[PROVIDED ENTRIES — start]
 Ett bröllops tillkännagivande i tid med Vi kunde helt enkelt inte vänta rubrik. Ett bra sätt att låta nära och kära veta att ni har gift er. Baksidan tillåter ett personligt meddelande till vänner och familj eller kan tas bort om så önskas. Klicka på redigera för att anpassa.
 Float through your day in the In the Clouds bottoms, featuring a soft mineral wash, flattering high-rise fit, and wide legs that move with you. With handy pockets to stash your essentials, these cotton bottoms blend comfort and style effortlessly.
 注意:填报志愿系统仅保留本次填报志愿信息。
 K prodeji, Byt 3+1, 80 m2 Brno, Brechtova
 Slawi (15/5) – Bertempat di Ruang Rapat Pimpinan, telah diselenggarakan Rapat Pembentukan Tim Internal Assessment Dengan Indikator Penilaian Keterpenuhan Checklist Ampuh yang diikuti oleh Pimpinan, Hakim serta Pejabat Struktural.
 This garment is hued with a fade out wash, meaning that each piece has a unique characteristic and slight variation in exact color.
[PROVIDED ENTRIES — finish]
[PROVIDED ENTRIES — start]
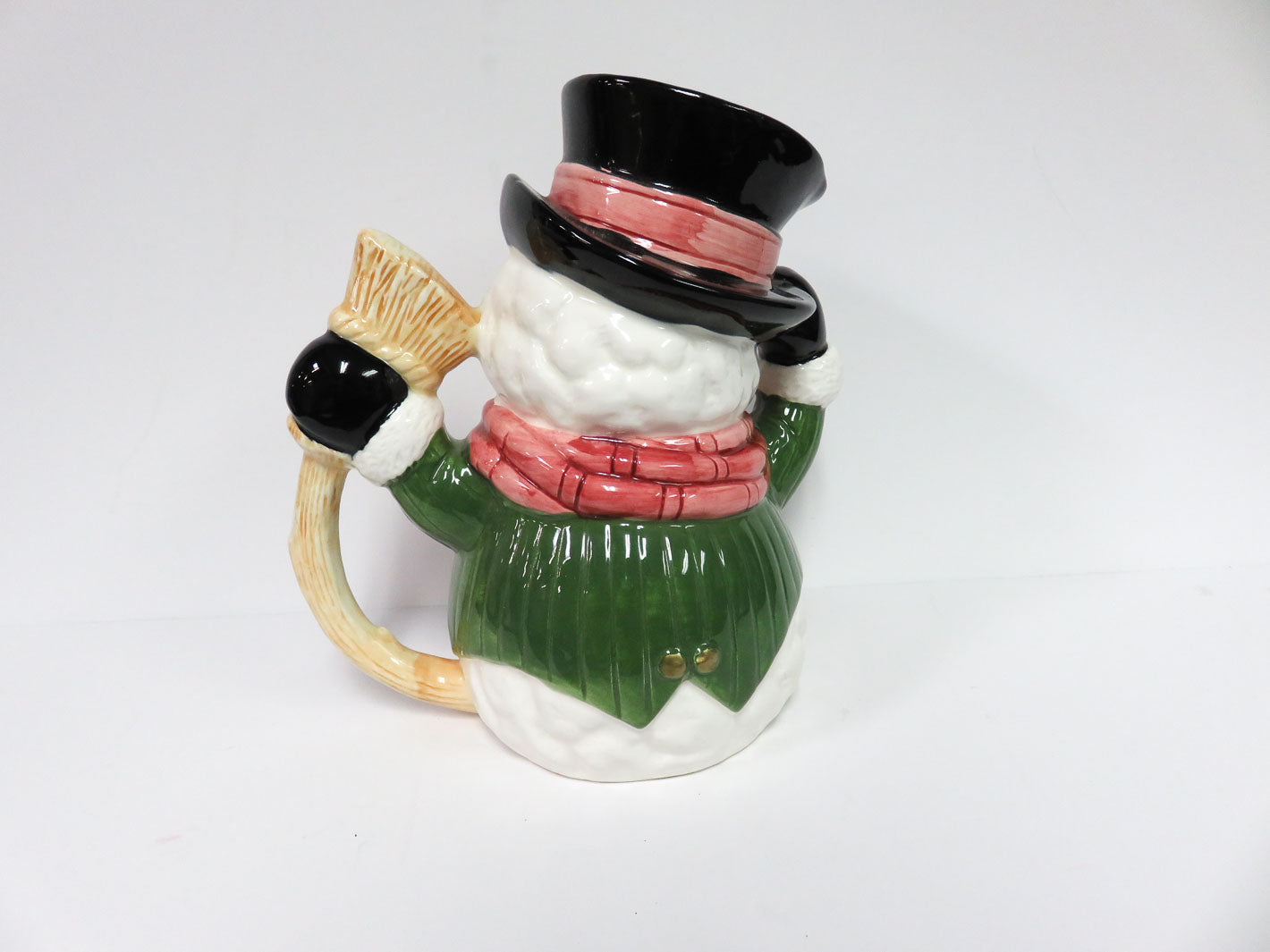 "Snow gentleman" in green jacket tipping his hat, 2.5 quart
[PROVIDED ENTRIES — finish]
[PROVIDED ENTRIES — start]
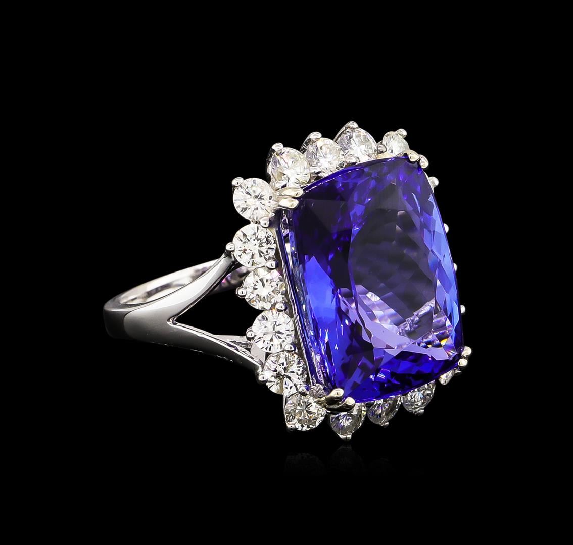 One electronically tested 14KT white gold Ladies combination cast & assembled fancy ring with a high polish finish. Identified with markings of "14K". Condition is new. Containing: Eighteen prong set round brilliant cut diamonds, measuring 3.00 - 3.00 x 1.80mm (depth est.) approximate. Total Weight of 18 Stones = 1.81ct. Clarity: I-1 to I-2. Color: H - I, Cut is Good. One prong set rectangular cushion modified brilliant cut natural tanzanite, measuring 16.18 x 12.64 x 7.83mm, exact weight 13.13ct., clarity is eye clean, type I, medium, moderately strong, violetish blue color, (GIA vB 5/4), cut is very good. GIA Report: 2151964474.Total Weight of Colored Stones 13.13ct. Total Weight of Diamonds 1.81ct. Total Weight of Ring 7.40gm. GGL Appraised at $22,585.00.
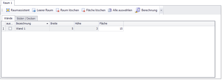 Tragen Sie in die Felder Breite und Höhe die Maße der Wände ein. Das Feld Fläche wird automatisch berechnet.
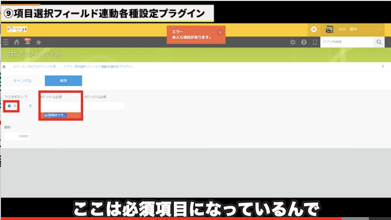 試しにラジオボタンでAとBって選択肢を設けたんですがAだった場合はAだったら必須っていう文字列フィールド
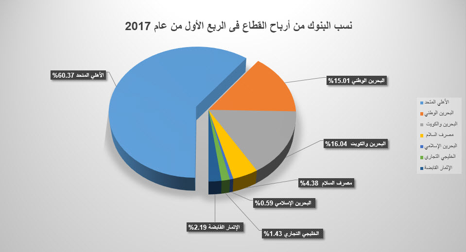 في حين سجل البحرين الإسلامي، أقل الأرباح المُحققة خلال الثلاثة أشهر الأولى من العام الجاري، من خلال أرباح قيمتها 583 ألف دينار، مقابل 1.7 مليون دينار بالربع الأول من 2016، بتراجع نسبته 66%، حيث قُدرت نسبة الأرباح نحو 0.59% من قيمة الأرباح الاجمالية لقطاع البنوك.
[PROVIDED ENTRIES — finish]
TASK TO COMPLETE:
Among the entries above, find the line with "Tragen Sie in" and repeat exactly from there through the line with "في حين سجل البحرين", leaving out the pictures.

WRITTEN RESPONSE:
 Tragen Sie in die Felder Breite und Höhe die Maße der Wände ein. Das Feld Fläche wird automatisch berechnet.
 試しにラジオボタンでAとBって選択肢を設けたんですがAだった場合はAだったら必須っていう文字列フィールド
 في حين سجل البحرين الإسلامي، أقل الأرباح المُحققة خلال الثلاثة أشهر الأولى من العام الجاري، من خلال أرباح قيمتها 583 ألف دينار، مقابل 1.7 مليون دينار بالربع الأول من 2016، بتراجع نسبته 66%، حيث قُدرت نسبة الأرباح نحو 0.59% من قيمة الأرباح الاجمالية لقطاع البنوك.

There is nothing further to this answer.